What are big data and how does it play into business? The term “big data” was coined in the late 1990s by two men who would later become important figures in the field of information systems. Jim Wright and John Norton distinguished themselves as the fathers of modern big data theory. They conceptualized big data as a language–a powerful tool that would enable people to process unmeasurable quantities of diverse types of data. These “data sets” would be collected and evaluated over time to yield new insights and allow business people to make informed decisions about their customers and products.
In the early days of the computer age, there were a handful of different technologies that were involved in providing big data analysis tools. There were different ways to crunch numbers and extract useful information from files and other types of information. Some systems used what is now known as the relational database management system (or RDBMS) and some leveraged what became known as the object-oriented database management system (or ODBMS). One of the primary technologies used in the early days of big data analysis was the spreadsheet. Initially, spreadsheet software was designed to simply handle basic data analysis problems by allowing users to enter data into cells and then manipulate the data within the spreadsheet in order to provide visual representation of the data set’s key characteristics.
The ability to process large amounts of unstructured big data and to perform complex analytical functions quickly and reliably has led to what is today known as big data analytics. Many different pieces of hardware and specialized software are available for conducting various aspects of big data analytics. One popular area of application is social media marketing. Businesses use social media to provide in-depth customer profiles and also facilitate interaction through various forms of messaging. By combining customer data with structured social media data, companies have been able to build personalized connections and campaigns that help to strengthen customer relationships and drive sales.

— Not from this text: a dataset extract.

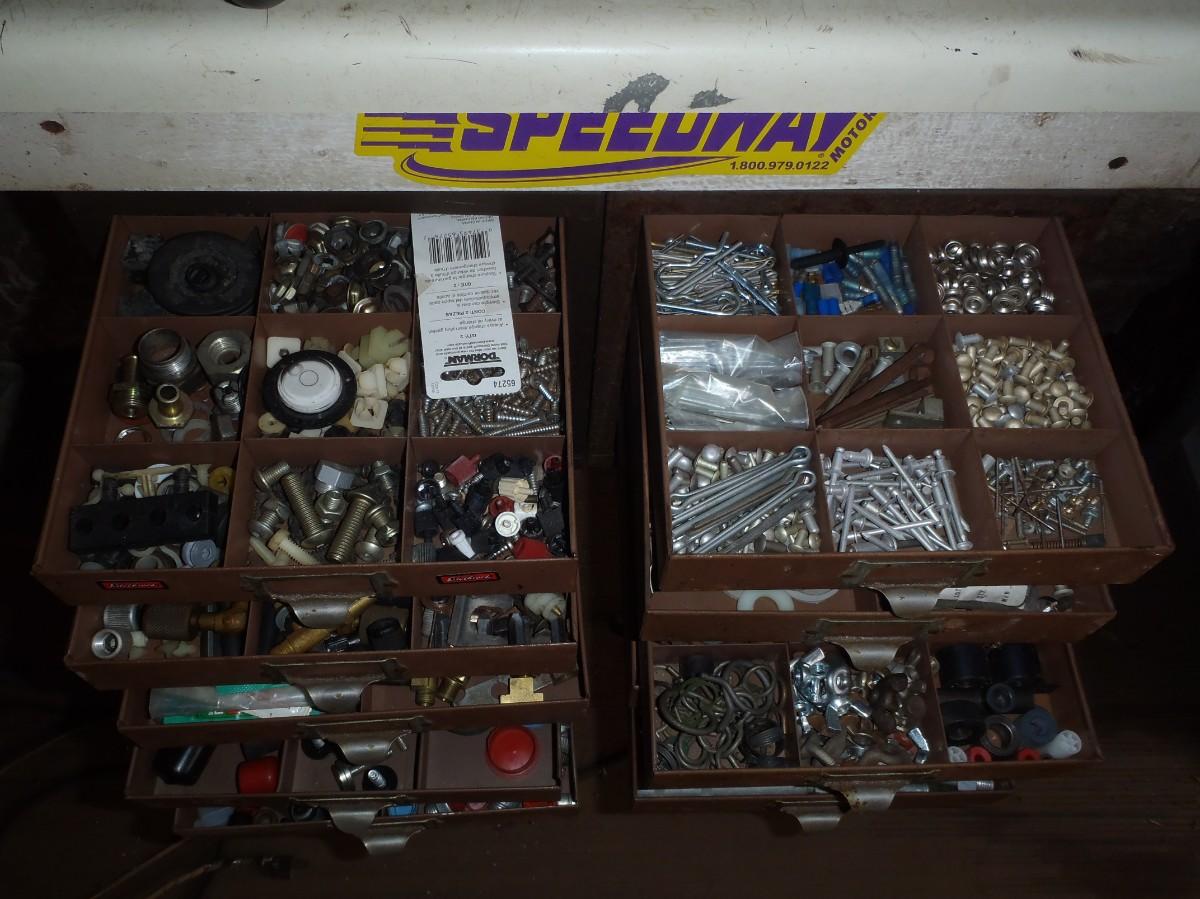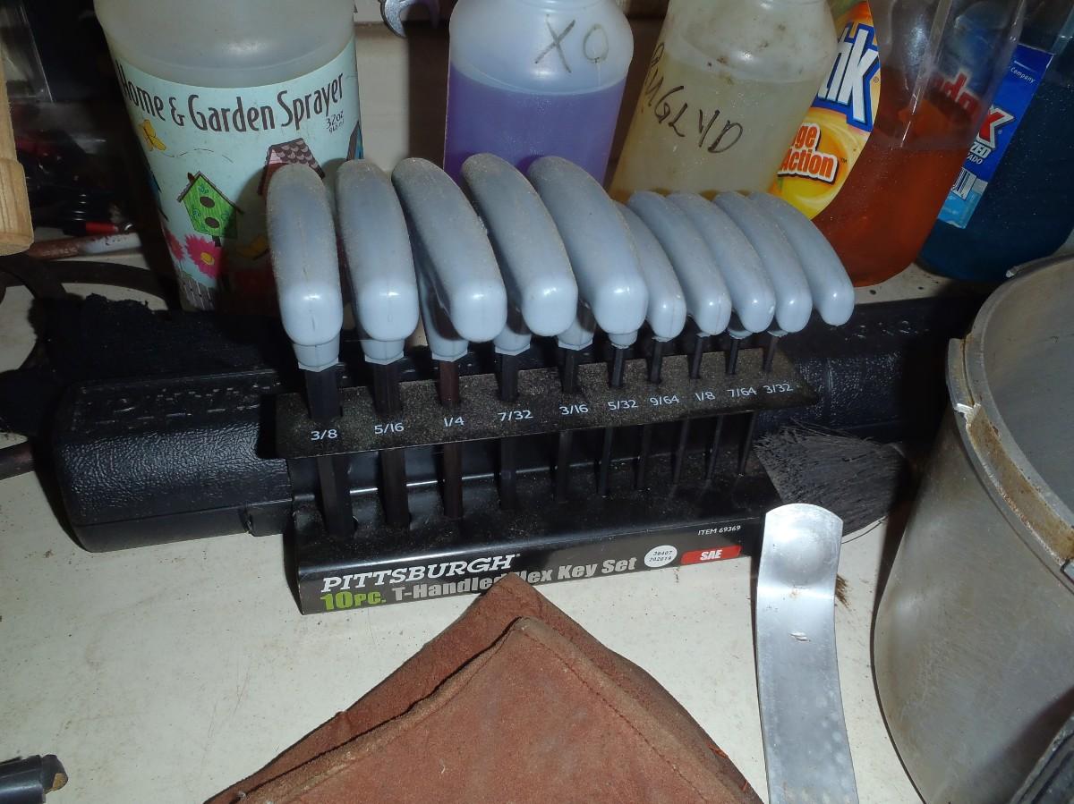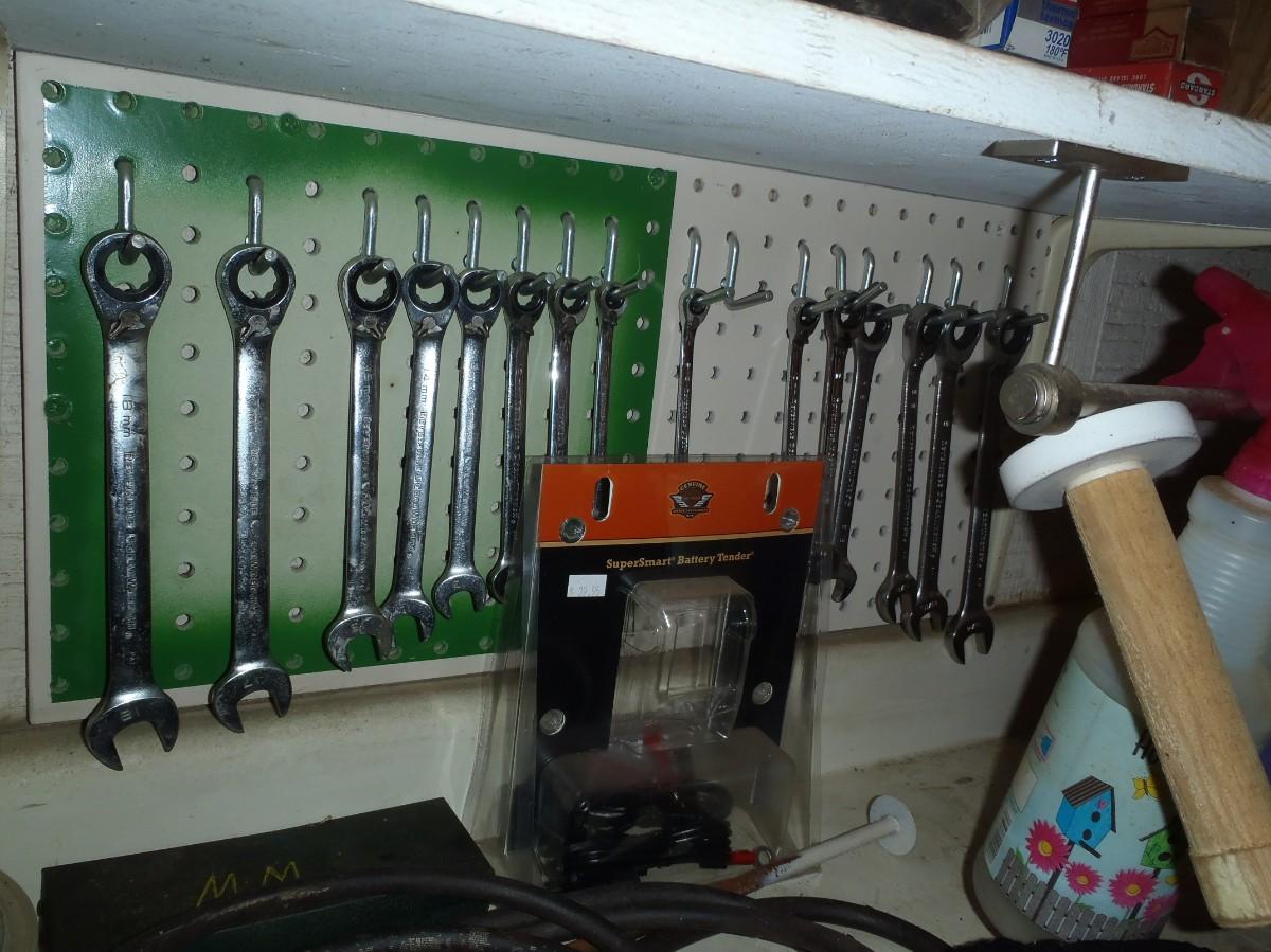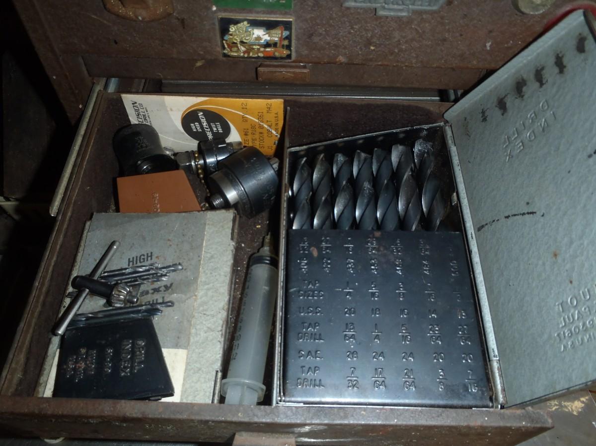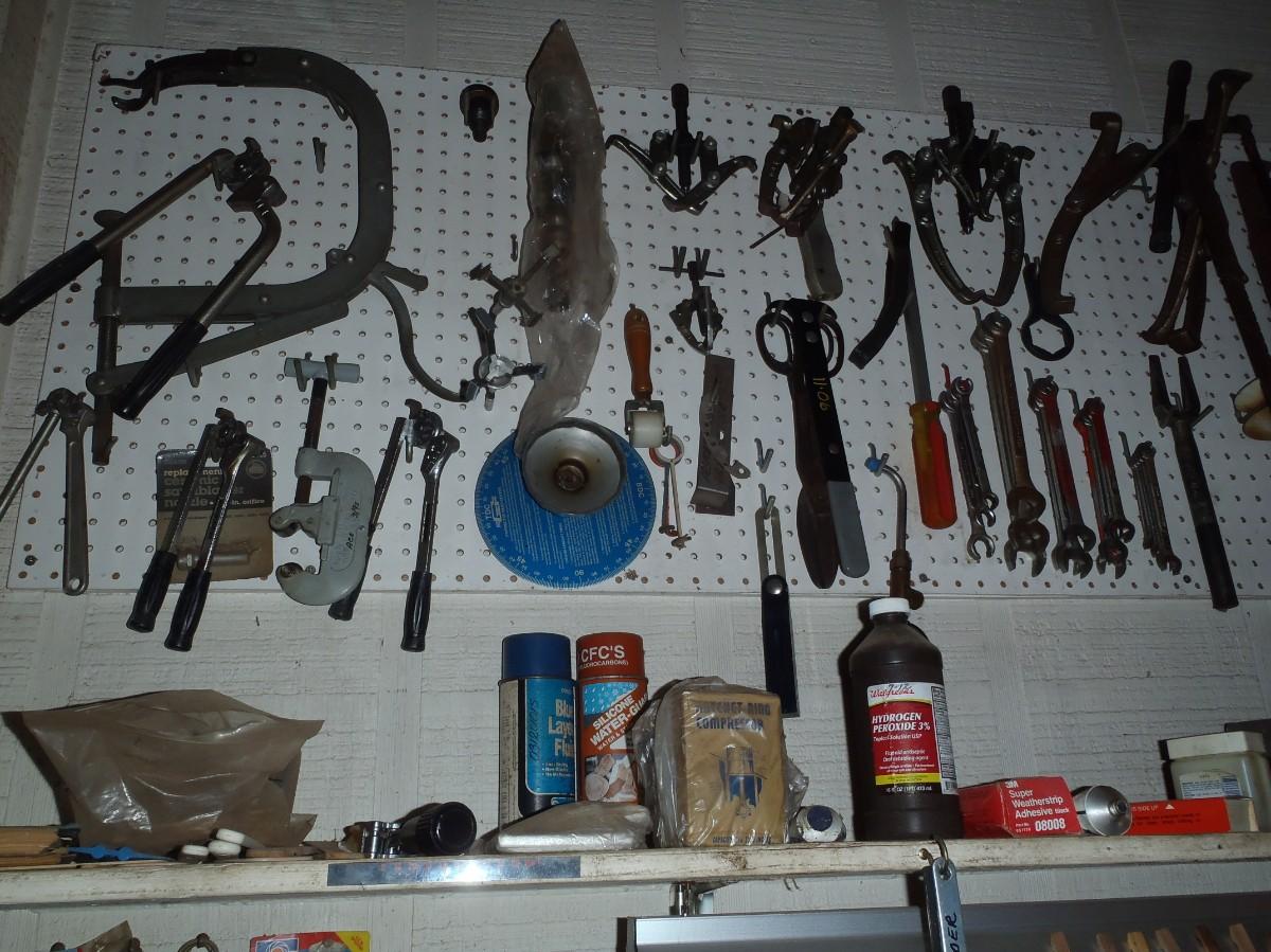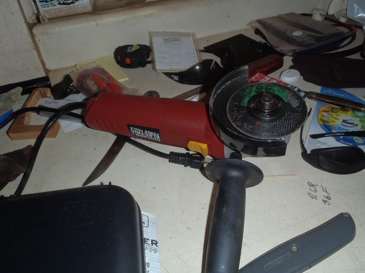 tools; hand tools; drills; sand blaster; compressor; engine hoist; engine stand; jack stands; floor jacks; drill press; TV; hand trucks; tool boxes; files;
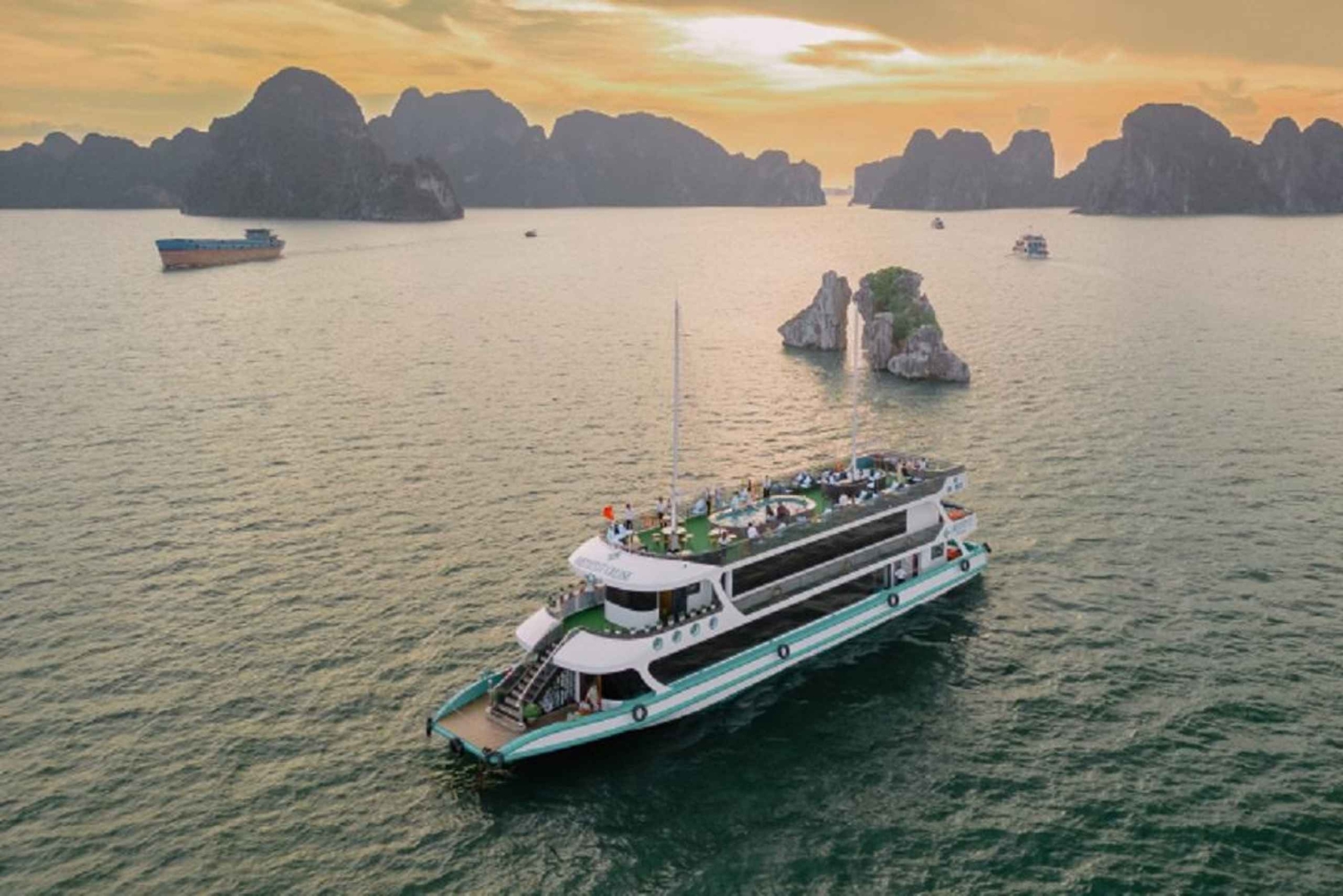 Yendo más allá del itinerario ordinario, te llevaremos pasando por la parte más famosa de la bahÃa de Halong con una oportunidad única de explorar algunos de los lugares más impresionantes como la cueva de Luon, la isla de Titop

Another application of the big data concept is e-commerce. Companies now use unstructured data to provide detailed business intelligence reports, such as product and service demand, competitor analysis, segmentation, and market saturation. These reports are often provided in charts and tables, but sometimes the text is necessary to extract the important information. Extracting text information can be done through several different techniques, such as using a specialized application such as the IBM text mining tool or a web-based tool such as Google Sheets. Extracting text information is particularly difficult if the original data is unstructured.
A more challenging task is the task of how to extract valuable information from unstructured big data. Traditional approaches to this problem have relied heavily on the knowledge of people who possess the relevant skills, experience, and expertise. Such experts are in short supply, especially in today’s job market. Experts must therefore build their skills by acquiring training and developing new tools to overcome the challenges of big data.
The biggest challenge for the IT industry, and therefore for businesses looking to implement big data analytics, is the development of large and powerful database management systems. Database management systems, or DMS, must store data and extract useful information from it. Today’s large databases, developed using various technologies such as HDFS, file system, and MySQL/ Oracle, are difficult to manage. File system technology, which uses NFS and IPC, is also quite limited.
This poses two important characteristics for a successful big data analytics system. First, it must let us take advantage of multiple streams of data. Data sets obtained using different technologies – traditional relational and object-oriented databases – are valuable because each one has a distinct purpose. Second, it must let us leverage the power of artificial intelligence. Since humans are better at organizing and managing sets of information, a good DMS must be able to let us manipulate big data sets using state of the art tools.
Although big data concept and development are the targets of many companies aiming to implement DMS, some of them are not very clear about the idea of a data warehouse, or a structured way of managing big data sets. Companies developing DMS products must therefore carefully explain the benefits of a data warehouse. They must also explain the advantages of using an unstructured data warehouse, and how it differs from a traditional relational or object-oriented database management system. Finally, they should allow users to experiment with various warehouse models, as well as with the file system virtualization and other options.